Attached files

file filename
EX-99.1 - EXHIBIT 99.1 - WEX Inc.a51363995ex99_1.htm


UNITED STATES
SECURITIES AND EXCHANGE COMMISSION

Washington, D.C. 20549


FORM 8-K
CURRENT REPORT
Pursuant to Section 13 or 15(d) of the Securities Exchange Act of 1934

Date of Report (Date of earliest event reported)

 

June 16, 2016


GRAPHIC

WEX Inc.

(Exact name of registrant as specified in its charter)

Delaware

 

001-32426

 

01-0526993

(State or other jurisdiction

of incorporation)

(Commission File Number)

(IRS Employer Identification No.)

97 Darling Avenue, South Portland, ME

 

04106

Address of principal executive offices

Zip Code

Registrant's telephone number, including area code

(207) 773-8171

 

(Former name or former address if changes since last report)

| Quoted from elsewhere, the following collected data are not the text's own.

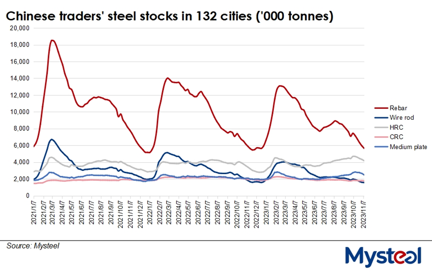 The stocks survey among traders in 132 cities nationwide under Mysteel's tracking found that their inventories of rebar, wire rod, hot-rolled coil, cold-rolled coil and medium plate had fallen by 4.1% on week to reach a ten-month low of 15.7 million tonnes as of November 9.
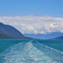 Um in Chile auf der Carretera Austral weiter Richtung Norden fahren zu können, müssen 2 Fähren genommen werden. Die Tickets dafür haben wir schon in Chaitén erstanden, an den Fähren selbst ist das nicht möglich. Wir genießen die Schifffahrt durch die Fjorde: Das Wasser leuchtet türkis, der Wald ist saftig grün, überall rauschen Wasserfälle die Berge hinab.
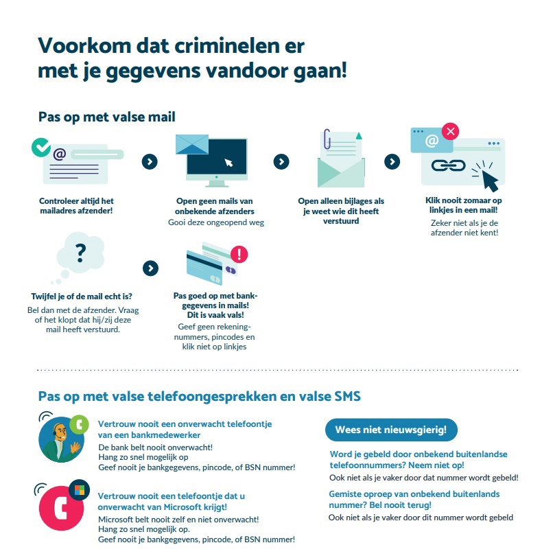 Wij hebben onze medewerkers geïnformeerd extra alert te zijn de komende tijd op vreemde mails en telefoontjes. Wij vragen u om dat ook te zijn. In deze infographic ziet u waar u op kunt letten en wat u kunt doen om een digitale aanval te voorkomen.

Check the appropriate box below if the Form 8-K filing is intended to simultaneously satisfy the filing obligation of the registrant under any of the following provisions:

Written communications pursuant to Rule 425 under the Securities Act (17 CFR 230.425)

Soliciting material pursuant to Rule 14a-12 under the Exchange Act (17 CFR 240.14a-12)

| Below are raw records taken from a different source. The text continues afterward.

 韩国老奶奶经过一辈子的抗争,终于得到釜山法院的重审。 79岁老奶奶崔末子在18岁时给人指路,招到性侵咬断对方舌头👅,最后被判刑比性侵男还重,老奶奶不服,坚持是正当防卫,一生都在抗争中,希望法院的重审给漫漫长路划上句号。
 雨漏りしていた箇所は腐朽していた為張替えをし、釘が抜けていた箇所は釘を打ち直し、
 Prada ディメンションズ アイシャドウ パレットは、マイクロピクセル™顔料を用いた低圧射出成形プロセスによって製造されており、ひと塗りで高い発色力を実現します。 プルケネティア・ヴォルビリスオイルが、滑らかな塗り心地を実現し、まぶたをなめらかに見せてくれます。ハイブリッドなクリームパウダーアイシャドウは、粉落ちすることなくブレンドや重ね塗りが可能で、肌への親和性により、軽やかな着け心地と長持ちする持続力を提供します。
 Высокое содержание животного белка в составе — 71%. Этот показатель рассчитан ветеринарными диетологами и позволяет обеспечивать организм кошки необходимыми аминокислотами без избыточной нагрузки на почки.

Pre-commencement communications pursuant to Rule 14d-2(b) under the Exchange Act (17 CFR 240.14d-2(b))

Pre-commencement communications pursuant to Rule 13e-4(c) under the Exchange Act (17 CFR 240.13e-4(c))


Item 7.01 Regulation FD Disclosure.

As previously reported, on October 18, 2015, WEX Inc. (“WEX”) entered into a Unit Purchase Agreement with Mustang HoldCo 1 LLC, Warburg Pincus Private Equity (E&P) XI - B, L.P., Warburg Pincus Private Equity XI-C, L.P., WP XI Partners, L.P., Warburg Pincus Private Equity XI-B, L.P., WP Mustang Co-Invest-B, L.P., WP Mustang Co-Invest-C L.P., Warburg Pincus XI (E&P) Partners-B, L.P., and Warburg Pincus (E&P) XI, L.P. (collectively, the “Sellers”), WP Mustang Topco LLC (the “Target”) and Warburg Pincus Private Equity XI (Lexington), LLC (the “Blocker”), under which WEX has agreed to purchase the Target and the Blocker from the Sellers (the “Acquisition”).  

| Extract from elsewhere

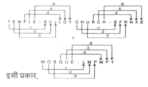 समानता (प्रश्न 401-450) भाग-IXTotal Questions: 5021. उस विकल्प का चयन करें, जो पांचवें अक्षर-समूह से उसी प्रकार संबंधित है, जिस प्रकार दूसरा अक्षर-समूह पहले अक्षर-समूह से संबंधित है, और चौथा अक्षर-समूह तीसरे अक्षर-समूह से संबंधित है। [SSC CPO 03/10/2023 (1st Shift)]TEMPLE : SCJLGY :: CHURCH : BFRNXB :: MOSQUE : ?(a) LMPYMP(b) LMPYPM(c) LPYMPM(d) LMPMPYCorrect Answer: (d) LMPMPYSolution:22. उस समुच्चय का चयन कीजिए जिसमें संख्याएँ उसी प्रकार संबंधित हैं जिस प्रकार निम्नलिखित समुच्चयों की संख्याएँ संबंधित हैं। [SSC CPO 03/10/2023 (1st Shift)](264, 462)(132, 330)(a) (211,340)(b) (188,378)(c) (282,496)(d) (386, 584)Correct Answer: (d) (386, 584)Solution:तर्क :- (दूसरी संख्या - पहली संख्या) = 198(264, 462) :- (462 - 264)) = 198(132, 330) :- (330 - 132)) = 198(386, 584) :- (584 - 386)) = 19823. उस समुच्चय का चयन कीजिए जिसमें संख्याएँ उसी प्रकार संबंधित हैं जिस प्रकार निम्नलिखित समुच्चयों की संख्याएँ संबंधित हैं। [SSC CPO 03/10/2023 (2nd Shift)](13, 104, 16)(9,63,14)(a) (23, 204, 26)(b) (12,85, 15)(c) (10, 92, 17)(d) (8,60, 15)Correct Answer: (d) (8,60, 15)Solution:तर्क (पहली संख्या × तीसरी संख्या) ÷ 2 = दूसरी संख्या(13, 104, 16) :- (13 × 16) ÷ 2 ⇒ 208 ÷ 2 = 104(9, 63, 14) :- (9 × 14) ÷ 2 ⇒ 126 ÷ 2 = 63इसी प्रकार(8, 60, 15) :- (8 × 15) ÷ 2 ⇒ 120 ÷ 2 = 6024. उस समुच्चय का चयन कीजिए जिसमें संख्याएँ आपस में उसी प्रकार संबंधित हैं जिस प्रकार निम्नलिखित समुच्चयों की संख्याएँ आपस में संबंधित हैं। [SSC CPO 03/10/2023 (2nd Shift)](15, 21, 66)(9, 17, 44)(a) (7, 9, 86)(b) (2, 4, 12)(c) (11, 13, 35)(d) (5, 37, 52)Correct Answer: (d) (5, 37, 52)Solution:तर्क :- (तीसरी संख्या संख्या) : 3 = पहली संख्या दूसरी(15, 21, 66) :- (66 - 21) ÷ 3 ⇒ (45) ÷ 3 = 15(9,1/,44) :- (44-17) ÷ 3 ⇒ (27) ÷ 3 = 9(5,3/,52) :- (52-37) ÷ 3 ⇒ (15) ÷ 3 = 525. उस समुच्चय का चयन कीजिए जिसमें संख्याएँ एक-दूसरे से उसी प्रकार संबंधित है जिस प्रकार निम्नलिखित समुच्चय की संख्याएँ आपस में संबंधित हैं। [SSC CPO 03/10/2023 (3rd Shift)](5, 4, 405)(7, 3, 500)(a) (4, 1, 125)(b) (5, 8, 789)(c) (4, 5, 850)(d) (3, 2, 145)Correct Answer: (a) (4, 1, 125)Solution:तर्क : (पहली संख्या)² × 5 = तीसरी संख्या संख्या + दूसरी(5, 4, 405) :- (5 + 4)² × 5 ⇒ 81 × 5= 405(7, 3, 500) :- (7 + 3)² × 5 ⇒ 100 × 5= 500इसी प्रकार,(4, 1, 125) :- (4 + 1)² × 5 ⇒ 25 × 5= 12526. उस समुच्चय का चयन करें जिसमें संख्याएँ उसी प्रकार संबंधित है, जिस प्रकार दिए गए समुच्चय की संख्याएँ हैं। [SSC CPO 03/10/2023 (3rd Shift)](6, 8, 106)(7, 11, 177)(a) (7, 9, 136)(b) (9, 8, 154)(c) (5, 9, 101)(d) (8, 7, 119)Correct Answer: (b) (9, 8, 154)Solution:तर्क :- (पहली संख्या)² + (दूसरी संख्या)² + पहली संख्या = तीसरी संख्या(6, 8, 106) :- 6² + 8² + (6)⇒ 36 + 64 + (6) = 106(7, 11, 177) :- 7² + 11² + (7)⇒ 49 + 121 + (7) = 177इसी प्रकार,(9, 8, 154) :- 9² + 8² + (9)⇒ 81 + 64 + (9) = 15427. उस विकल्प का चयन करें, जो तीसरे शब्द से उसी प्रकार संबंधित है, जिस प्रकार दूसरा शब्द पहले शब्द से संबंधित है [SSC CPO 03/10/2023 (3rd Shift)]बिल्ली (Cat): पंजा (Paw) :: कौवा (Crow): ?(a) चोंच (Beak)(b) पंजा (Claw)(c) हॉफ (Hoff)(d) पंख (Wings)Correct Answer: (b) पंजा (Claw)Solution:जैसे बिल्ली के पैर को पंजा (Paw) कहते हैं उसी प्रकार कौवे के पैर को पंजा (Claw) कहते हैं।28. उस विकल्प का चयन कीजिये जो तीसरे पद से उसी प्रकार संबंधित है जैसे दूसरा पद पहले पद से और छठा पद पांचवें पद से संबंधित है। [SSC CPO 04/10/2023 (1st Shift)]142 : 108 :: 185 : ? :: 169 : 135(a) 151(b) 148(c) 157(d) 162Correct Answer: (a) 151Solution:तर्क :- (पहली संख्या - दूसरी संख्या) = 34(142 : 108) :- 142 - 108 = 34(169 : 135) :- 169 - 135 = 34इसी प्रकार,(185 : 151) :- 185 - 151 = 3429. उस विकल्प का चयन कीजिए, जो तीसरे शब

On June 16, 2016, WEX received clearance from the Federal Trade Commission (the “FTC”) under the Hart-Scott-Rodino Antitrust Improvements Act of 1976 to proceed with the Acquisition.  A copy of the news release announcing the FTC clearance is attached as Exhibit 99.1 to this Current Report on Form 8-K and incorporated by reference in this Item 7.01.

Exhibit 99.1 and the information contained in this Item 7.01 shall not be deemed “filed” for purposes of Section 18 of the Securities Exchange Act of 1934, as amended (the “Exchange Act”), or otherwise subject to the liabilities of that section, nor shall it be deemed incorporated by reference in any filing under the Securities Act of 1933, as amended, or under the Exchange Act.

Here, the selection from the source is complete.